EBITDA as forecasted is not intended to be a representation with
respect to the business prospects of the Targets and the failure
to achieve forecasted EBITDA results will not, in itself,
constitute a Material Adverse Effect.

"Most Recent Balance Sheet" means the balance sheet
contained within the Most Recent Financial Statements.

"Most Recent Financial Statements" has the meaning set forth
in Section 4(g) below.

"Most Recent Fiscal Month End" has the meaning set forth in
Section 4(g) below.

"Most Recent Fiscal Year End" has the meaning set forth in
Section 4(g) below.

"Multiemployer Plan" has the meaning set forth in ERISA
Section 3(37).

"Ordinary Course of Business" means the ordinary course of
business consistent with past custom and practice (including with
respect to quantity and frequency).

"Party" has the meaning set forth in the preface above.

"PBGC" means the Pension Benefit Guaranty Corporation.

"Performance Payments" has the meaning set forth in Section
2(c) below.

"Person" means an individual, a partnership, a corporation,
an association, a joint stock company, a trust, a joint venture,
an unincorporated organization, or a governmental entity (or any
department, agency, or political subdivision thereof).

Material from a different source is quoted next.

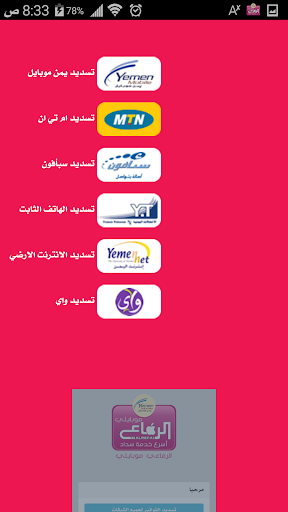 الرفاعي موبايلي - تطبيق لتسديد شبكات الاتصالات اليمنية والمياة والكهرباء.

"Prohibited Transaction" has the meaning set forth in ERISA
Section 406 and Code Section 4975.

"Purchase Price" has the meaning set forth in Section 2(b)
below.

"Regulatory Approvals" has the meaning set forth in Section
5(h).

"Reportable Event" has the meaning set forth in ERISA
Section 4043.

"Securities Act" means the Securities Act of 1933, as
amended.

"Securities Exchange Act" means the Securities Exchange Act
of 1934, as amended.

"Security Interest" means any mortgage, pledge, lien,
encumbrance, charge, or other security interest, other than (a)
mechanic's, materialmen's, and similar liens, (b) liens for Taxes
not yet due and payable or for Taxes that the taxpayer is
contesting in good faith through appropriate proceedings, (c)
purchase money liens and liens securing rental payments under
capital lease arrangements, (d) other liens arising in the
Ordinary Course of Business and not incurred in connection with
the borrowing of money, (e) statutory liens not yet delinquent or
the validity of which are being contested in good faith by
appropriate actions and (f) liens in connection with liabilities
reflected on the Most Recent Financial Statement.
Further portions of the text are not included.